BEIJING, Nov. 5, 2009 (Xinhua News Agency) -- Chinese airlines stocks outperformed the A-share stock market Thursday.
The A-shares of the three Chinese airline giants China Southern Airlines (NYSE:ZNH) (ZNH.NYSE; 01055.HK; 600029.SH), Air China (601111.SH; 0753.HK) and China Eastern Airlines (CEA.NYSE; 00670.HK; 600115.SH) gained 4.46 percent, 3.97 percent and 5.09 percent, respectively, outperforming the benchmark Shanghai Composite Index, which rose 0.85 percent to close at 3.155.05 points.
The Chinese airlines stocks were stimulated by China Securities Regulatory Commission (CSRC)'s approval on the A-share issue scheme of China Eastern, which plans to place 1.35 billion A-shares and no more than 490 million H-shares, aiming to raise seven billion yuan.

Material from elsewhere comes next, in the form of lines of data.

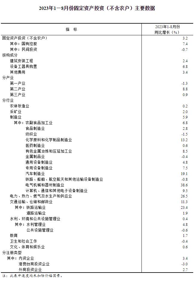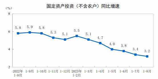 國家統(tǒng)計(jì)局:2023年1—8月份全國固定資產(chǎn)投資增長3.2%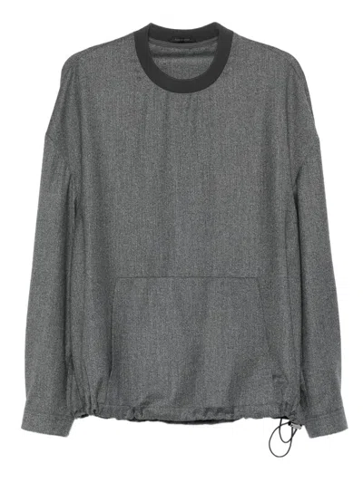 GIORGIO ARMANI Drawstring Pocket Wool Sweathsirt In Gray
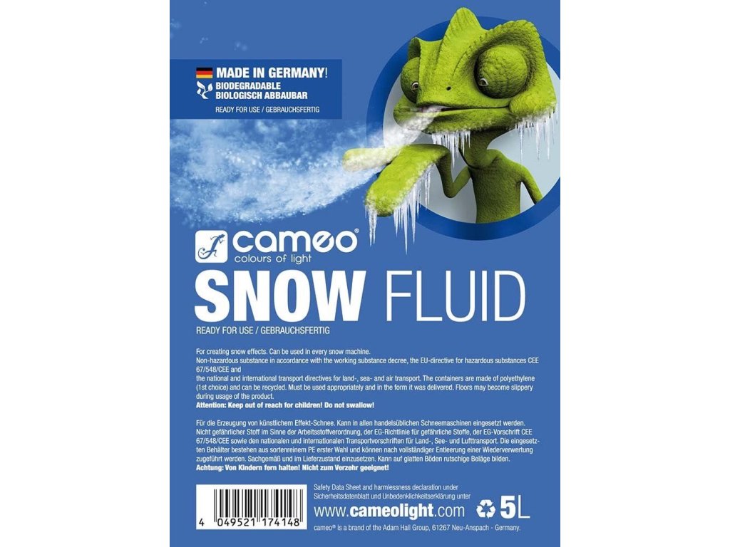 Cameo Snow-Fluid został stworzony specjalnie dla profesjonalnych wytwornic piany i tworzy solidne białe płatki piany o wysokim współczynniku odbicia, które rozpuszczają się bez pozostawiania śladów. Jest natychmiast gotowy do użycia, bezwonny i biodegradowalny. Cameo Snow Fluid jest całkowicie nieszkodliwy i nietoksyczny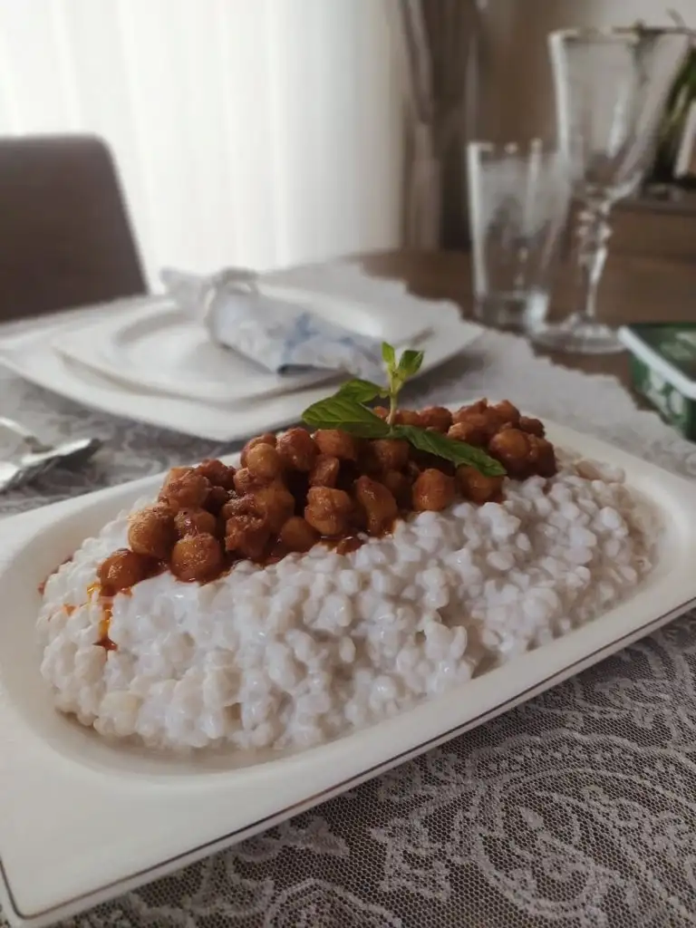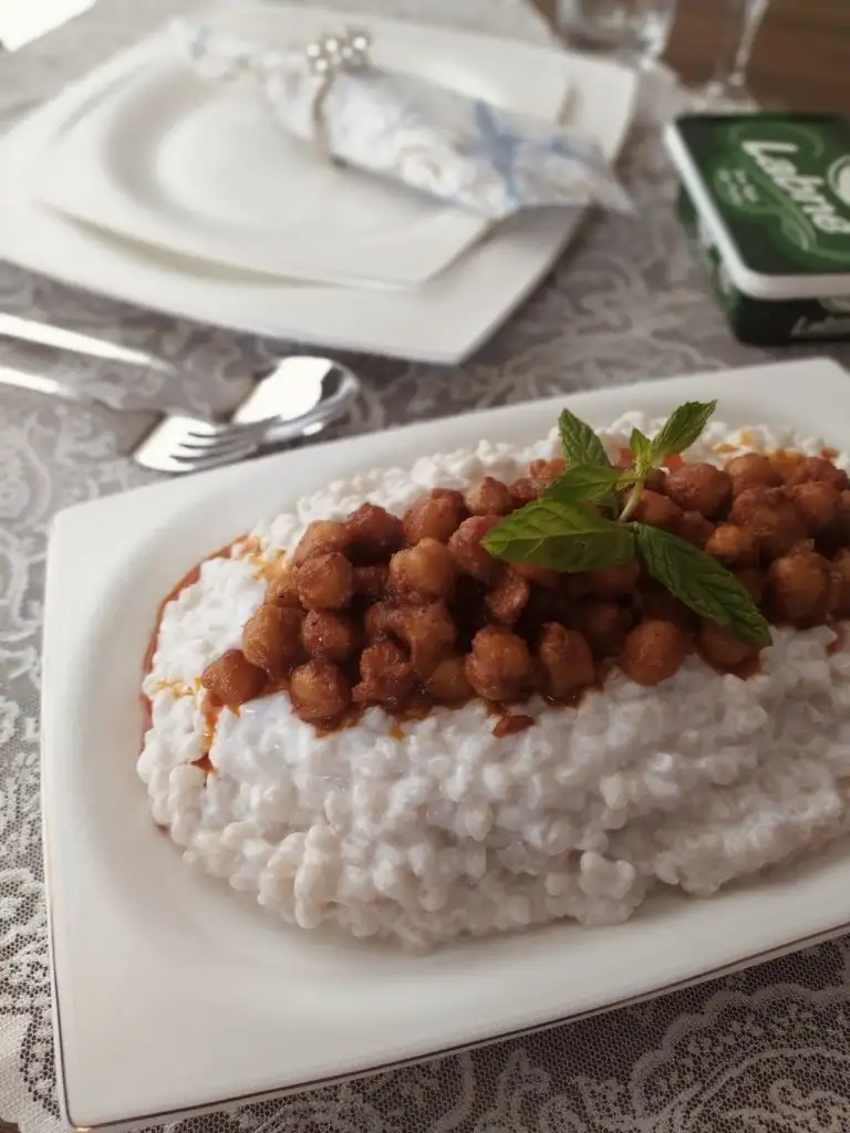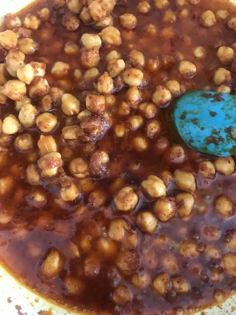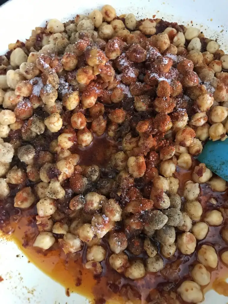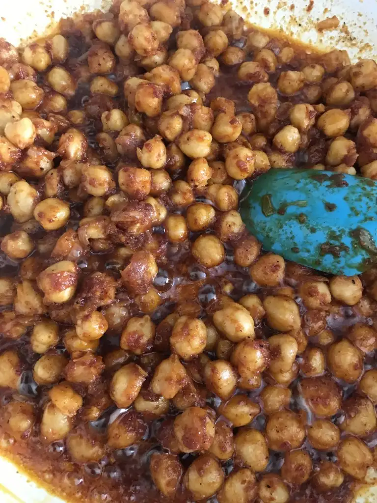 Üzeri için soğanları ince ince doğruyoruz. Zeytinyağında soteliyoruz. Salçayı ekleyip kavurmaya devam ediyoruz. Önce nohutu, sonra da baharatları ekliyoruz. Biraz karıştırdıktan sonra bir bardak suyu da ekleyip çekene kadar pişiriyoruz. Soğuduktan sonra servis edebiliriz.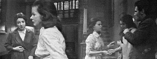 Collinwood - Liz rushes downstairs and dials the phone, her face frantic. She calls Patterson, telling him to get up to the house immediately--it's an emergency--David just told me the most amazing story--Matthew's on the property and he has Vicki at the Old House. Mrs. Johnson exits the kitchen and overhears. Apparently, Liz tells Patterson, there's a room there no one knew anything about and that's where he's been hiding--my brother and Burke Devlin went there, but haven't come back yet, and I'm terrified!--can you get up here right away and bring some men with you?--thank you, George. She hangs up. Did I hear right? asks Sarah--I'm sorry, I heard voices, and I was worried, so I came down, I couldn't help but hear you--is that true, that Matthew's somewhere here and he's got a hold of Vicki? That's what David said, Liz tells her. How would David know? asks Sarah. It's a long story, says Liz. If it's true Matthew's got her, we won't see her again outside of a graveyard, predicts Sarah. Liz shakes her head and asks her to please not talk that way--I'm frightened enough as it is. So am I, says Sarah, all night evening long, I've had this strange feeling, a chill in my bones--there's only one other time I had this feeling--the night Mr. Malloy was killed. Liz does not appreciate this revelation.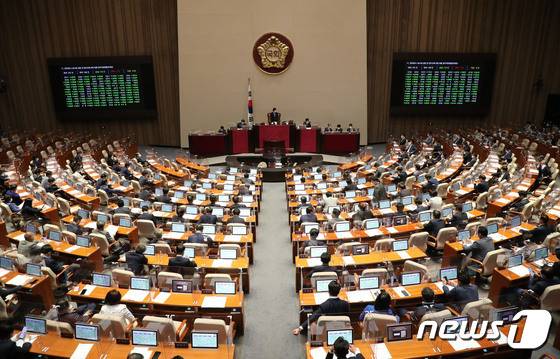 (서울=뉴스1) 허경 기자 = 29일 서울 여의도 국회에서 열린 397회(임시회) 제4차 본회의에서 '공무원의 노동조합 설립 및 운영 등에 관한 법률 일부개정법률안'이 재적 292인 중 재석 188인, 찬성 176인, 반대 4인, 기권 8인으로 통과 되고 있다. (공동취재) 2022.5.29/뉴스1

The airline stocks are also supported by China's central government's official approval on the Shanghai Disneyland (NYSE:DCQ) (NYSE:DIS) Project, announced by the Shanghai municipal government Wednesday. Many Chinese airlines hold the plan to open Disneyland flight routes in the future upon the settlement of the Disneyland project in Shanghai.
The A-shares of Shanghai Airlines (600591.SH) and Hainan Airlines (600221.SH) also surged 4.99 percent and 8.55 percent, respectively, on Thursday.